Оно словно приобрело еще одно сложное измерение, опознаваемое мной только при усилии и в большом волнении.


Зашедшиеся во внезапном припадочном блеске звезды на латунных пряжках, засаленное почернелое галифе, ставшее плотным и твердым, как панцирь, заскорузлые лапы, торчащие из рукавов перепачканным инструментом.

Эти детали образовывали еще один нечитаемый властный, попирающий меня символ.

Выше я не гляжу, так как они оттуда. С той высоты неотрывно они смотрят на меня и на Гагу. Может быть, смотрят каким-то еще иным способом, не только глазами.

Я это напряженно чую.

Я боюсь перехватить жесткие лучи их всепроницающих взоров.


…Короткое тело, развернутое, как грозовое облако в профиль, липко припало-приникло-прижалось к Гагиному тощему плечу чересчур-слишком-безумно-тесно, еще теснее, еще, и, заходив ходуном, стало тереться-вдавливаться-колотиться, дрожа в несуществующую преграду стенобитными упорными толчками.

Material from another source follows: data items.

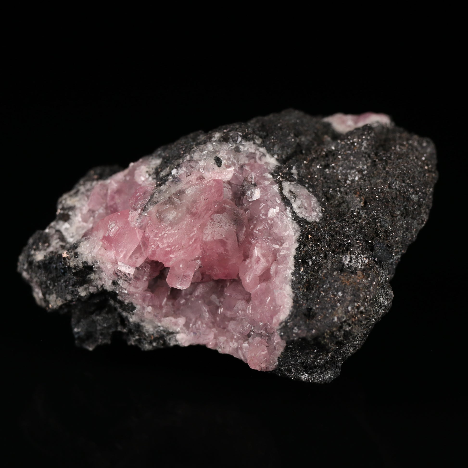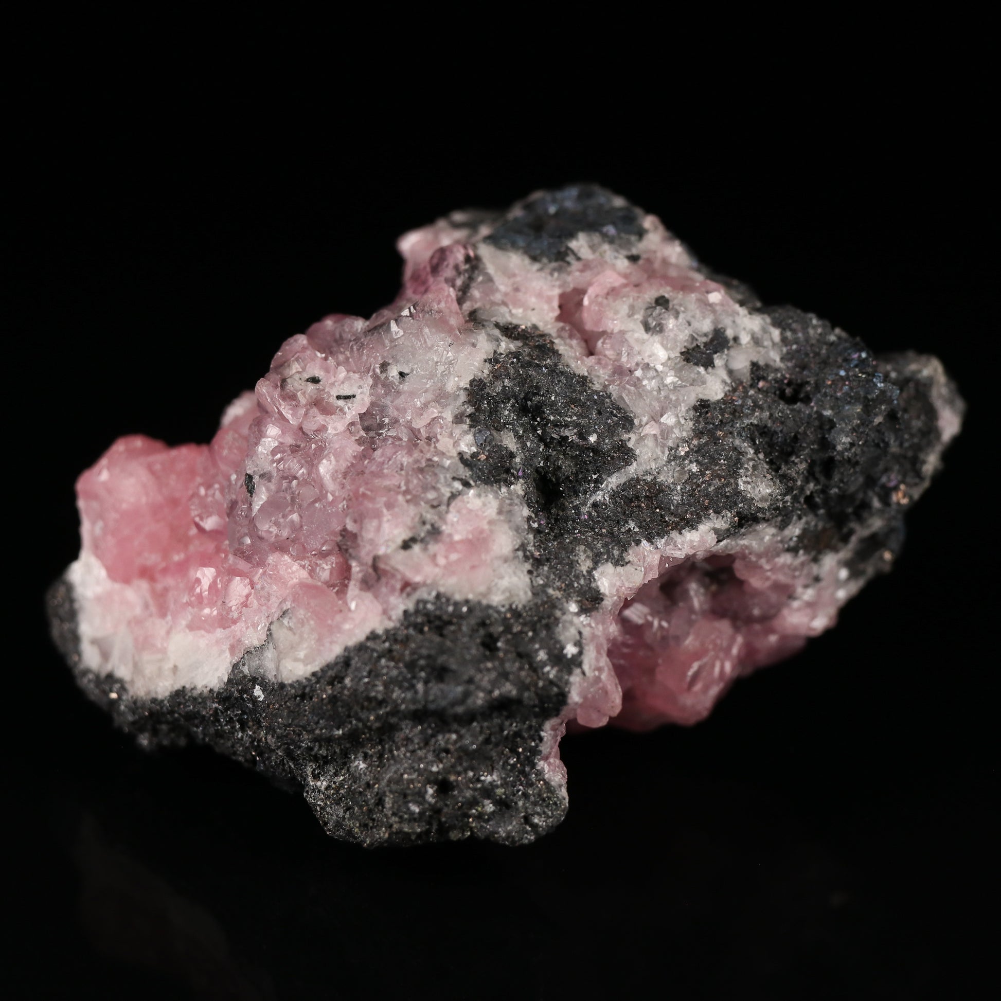 The specimen has a richly coloured growth of pink cobaltoan smithsonite on two sides of the matrix of complex ore. The aggregate growth of the crystals is very compact in a tightly intergrown distribution with a main crystal in each deposit. The largest crystals 1cm and 1.1cm across, the smaller one is not complete.
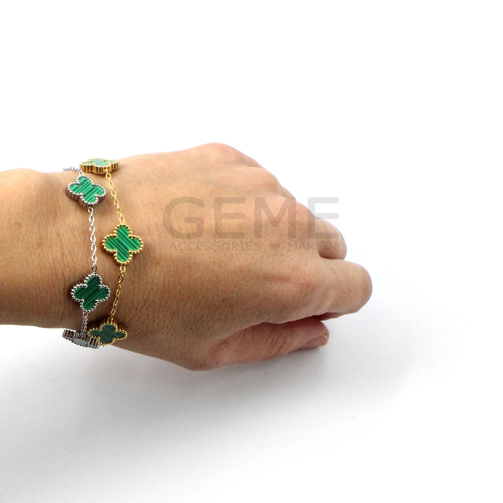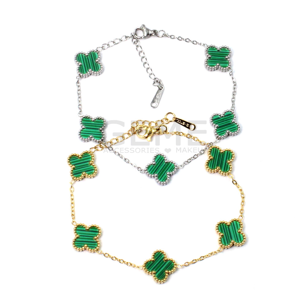 Ατσάλινο βραχιόλι clover GREEN ποσότητα
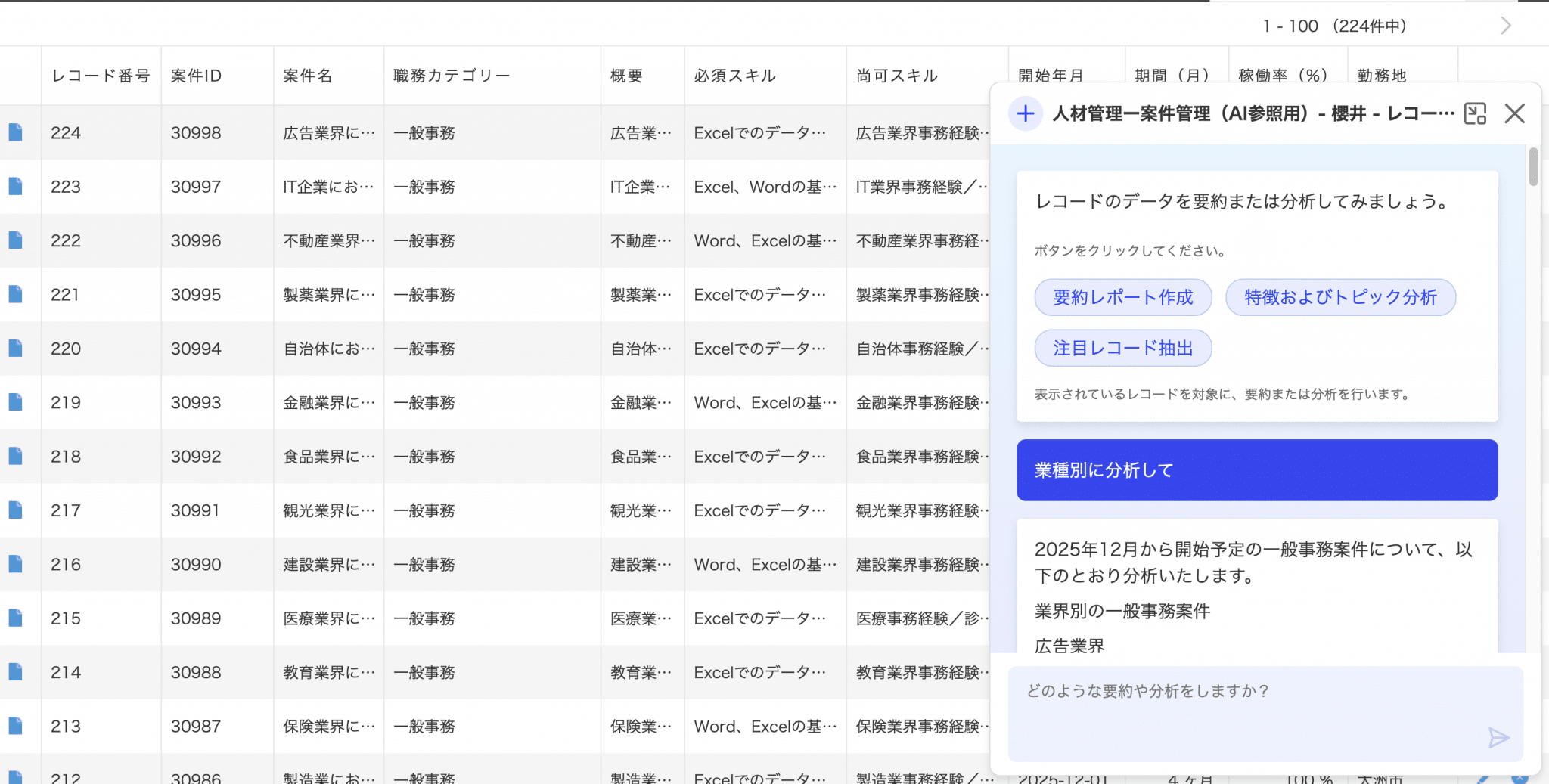 手軽にレコードの情報を元に分析をしたい場合はレコード一覧分析AIを利用するのが良いです。
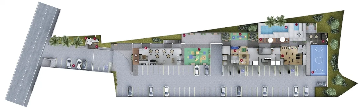 Playground O playground principal está estrategicamente localizado ao lado do Salão de Festas, servindo também como uma área de recreação ao ar livre durante festas infantis realizadas no salão.
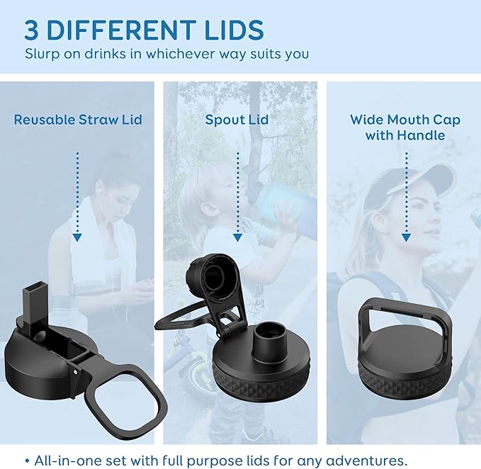 • Flexible Drinking On-the-Go: This water jug comes with 3 different lids. The screw-on lid with flip-up handle is for easy ice refilling with superior portability; spout lid makes it convenient to drink hot liquid and straw lid for sipping cold.
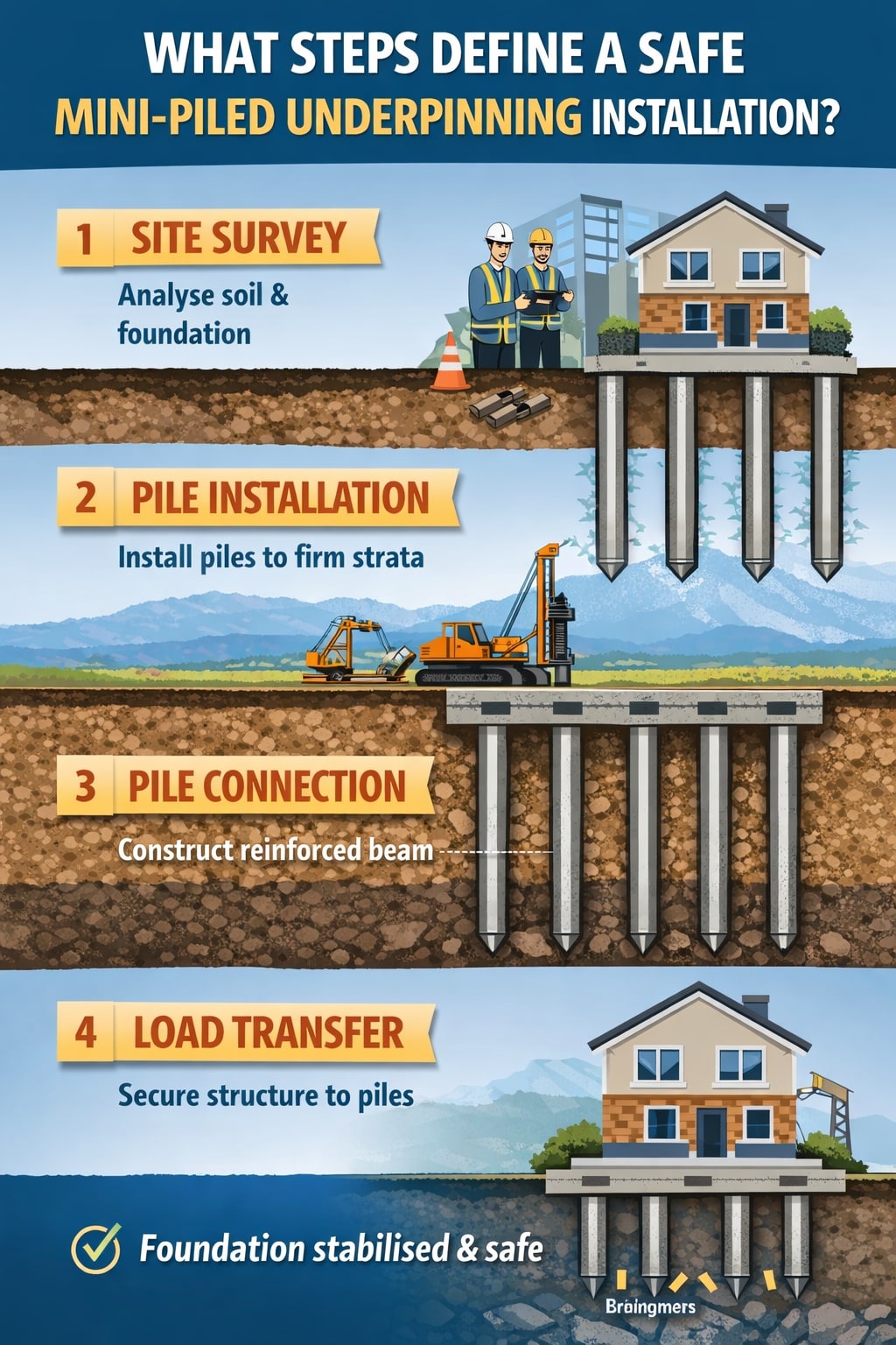 Safe mini-piled underpinning relies on structured planning, controlled installation, and continuous verification to ensure the foundation remains stable. The process starts with comprehensive documentation that maps the existing structure, foundation layout, underpinning phases, and the depth of nearby buildings. Installation follows with drilling small-diameter piles beneath the foundation, then filling them with concrete to create new load-bearing supports in confined or restricted-access areas. Ongoing monitoring verifies that the foundation stops moving and achieves long-term stability.
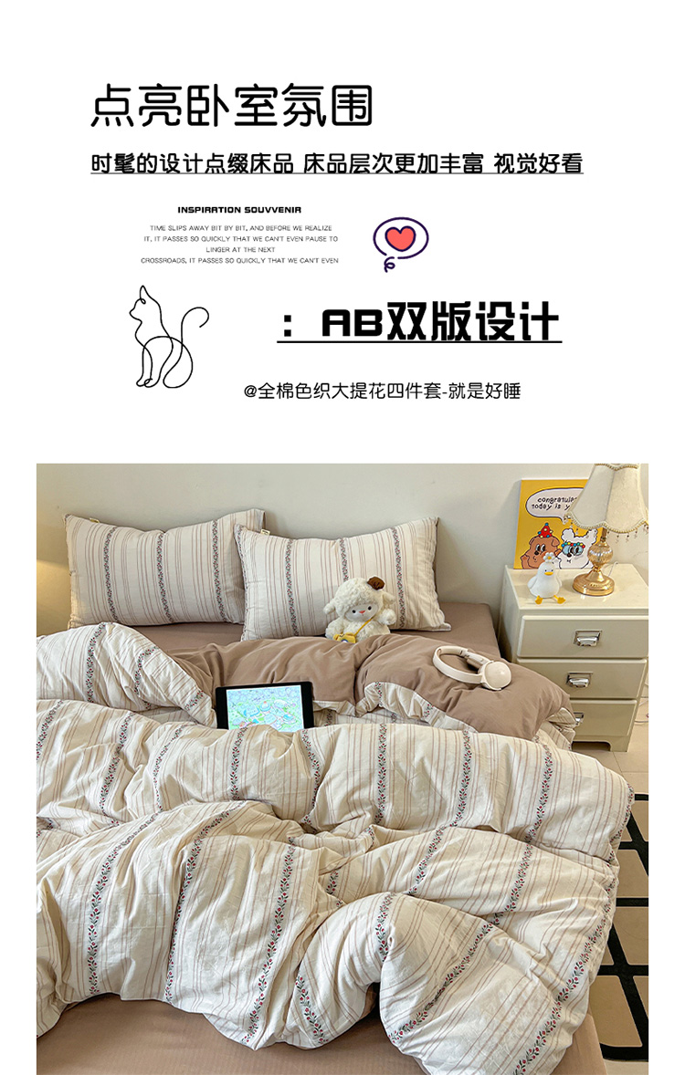(总)爱丽丝 2026新款全棉色织提花四件套,风吹穗绒-灰,风吹穗绒-卡其,蝴蝶花影-灰,蝴蝶花影-卡其,简雅几何-豆沙,简雅几何-灰,暮光蒲英-豆沙,暮光蒲英-灰,屋顶花园-豆沙,屋顶花园-卡其,枝繁叶茂-粉,枝繁叶茂-蓝,几何菱形-灰色,几何菱形-咖色,琼枝玉叶-粉玉,琼枝玉叶-雅兰,银杏叶-豆沙,银杏叶-灰色
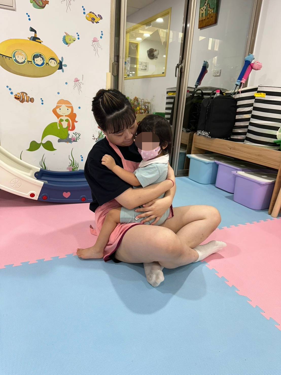 托嬰中心幼托員需長時間蹲坐、彎腰、抱嬰兒。小育龍托嬰中心提供
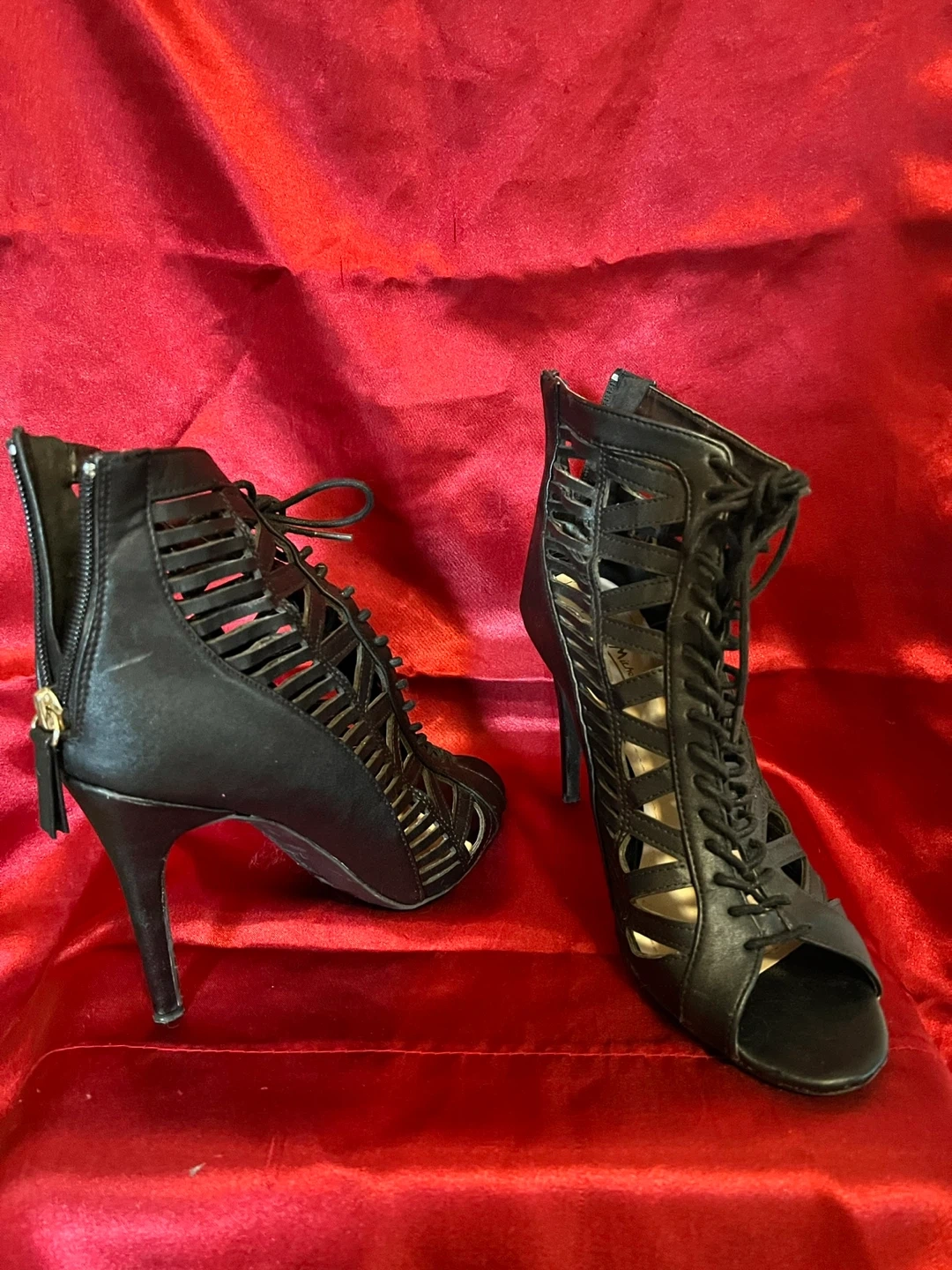 These are a pair of black lace-up heel booties. They have a stiletto heel and a cutout design. They appear to be in good condition.
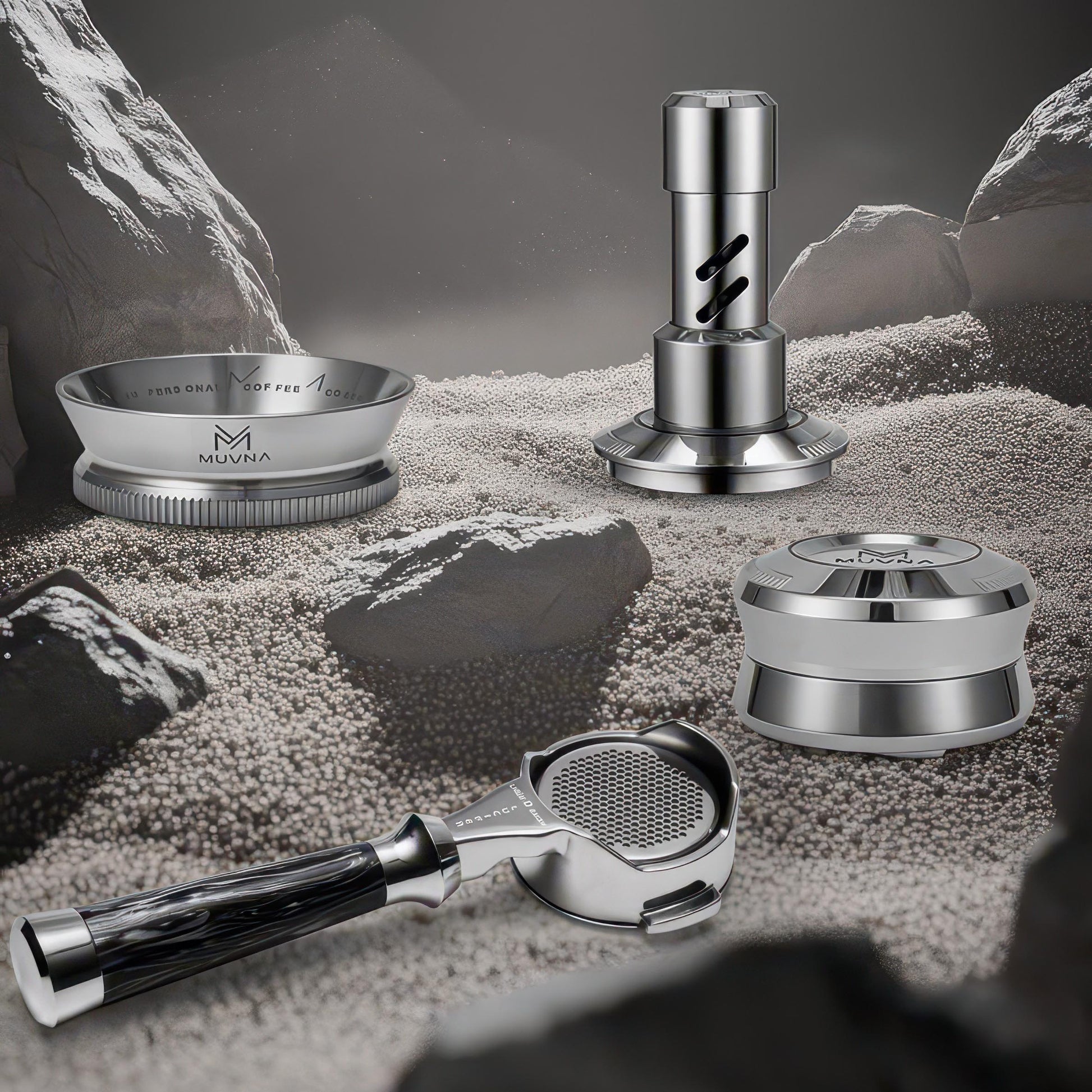 Professional Tamping Accessories: Complete five-tool set for precise espresso preparation including tamper, distributor, funnel, portafilter, and mat.
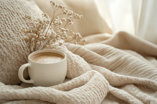 Experience calm and cozy moments with mocha mousse coffee on a soft blanket
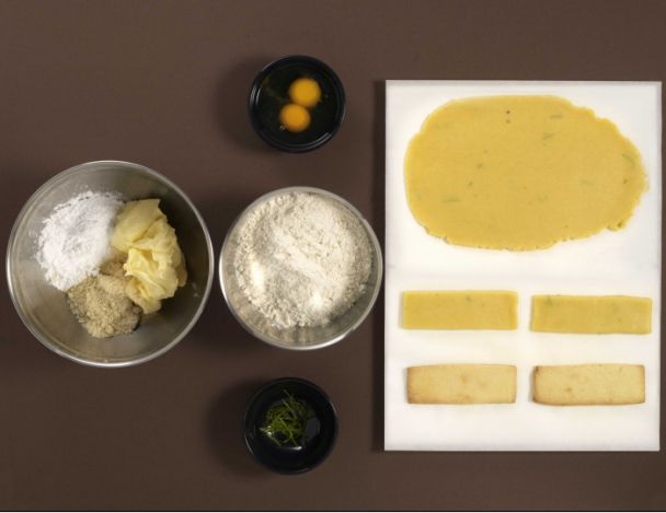 Réaliser un beurre pommade puis ajouter le sucre glace tamisé, la poudre d’amande, les œufs, les zestes de citron puis terminer par la farine. Étaler la pâte obtenue, sur 5 mm de hauteur. Refroidir au réfrigérateur puis détailler en rectangle.
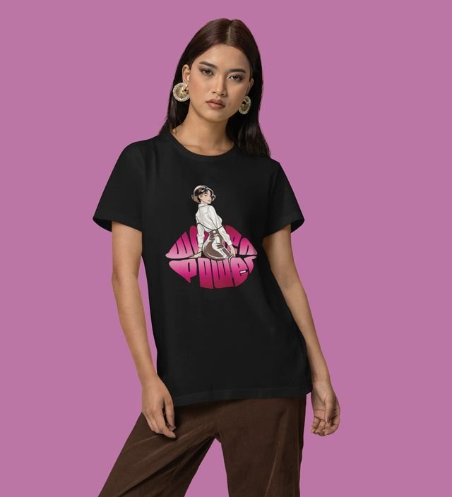 Bold Charm: Woman Power Graphic Printed Black T-Shirt
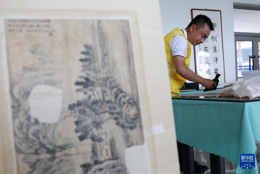 5月22日,来自张掖大佛寺文物研究所的参赛选手安博在纸张书画文物修复比赛中。
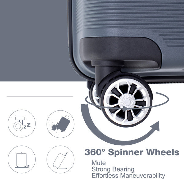 Hardshell Suitcase Double Spinner Wheels PP Luggage Sets Lightweight Durable Suitcase with TSA Lock,3-Piece Set (20/24/28) , Gray

Будто войти можно было, только растолкав и уплотнив.

Как шатун случайно запущенного боевого механизма, сбросивший дрему.

Как одичавшая клоунская реприза, от которой зрителю первого ряда невозможно уклониться.

Толкучка вокруг нас густела, как несъедобное варево.

Это было непомерно, несоизмеримо с моим знанием о бытии, о его стройности и целесообразности.

Особенный непристойный студень.

По его поверхности заходили волны преступного и потому еще более острого общего удовольствия.


Солдаты сбивались друг с другом в единое мясное тело, и я чуял марево тельного духа, вырвавшегося из-под завернутой шкуры, подрезанной и завернутой фартуком.

Будто их живых освежевывала сила, действия которой были видны и чувственны только мне.


Я не мог проверить – реальность ли это или забытье, кончающееся, невзирая ни на что, свободным пробуждением.


Опасность, смешиваясь с азартом вуайера, обездвиживая, ввинчивалась внутрь меня. Мне кажется, что я до сих пор не насмотрелся на это похабное действо, я перебираю его непристойные фазы, как коллекционер стопку циничных этикеток, как больной филокартист, тасующий стопку дорогих сердцу открыток на одну неизживаемую омерзительную тему.

Если бы они заговорили тогда, в тот миг, если бы мы услышали их язвящую речь, то умерли бы с Гагой уже оттого, что внимать их нелюдскому языку было невозможно.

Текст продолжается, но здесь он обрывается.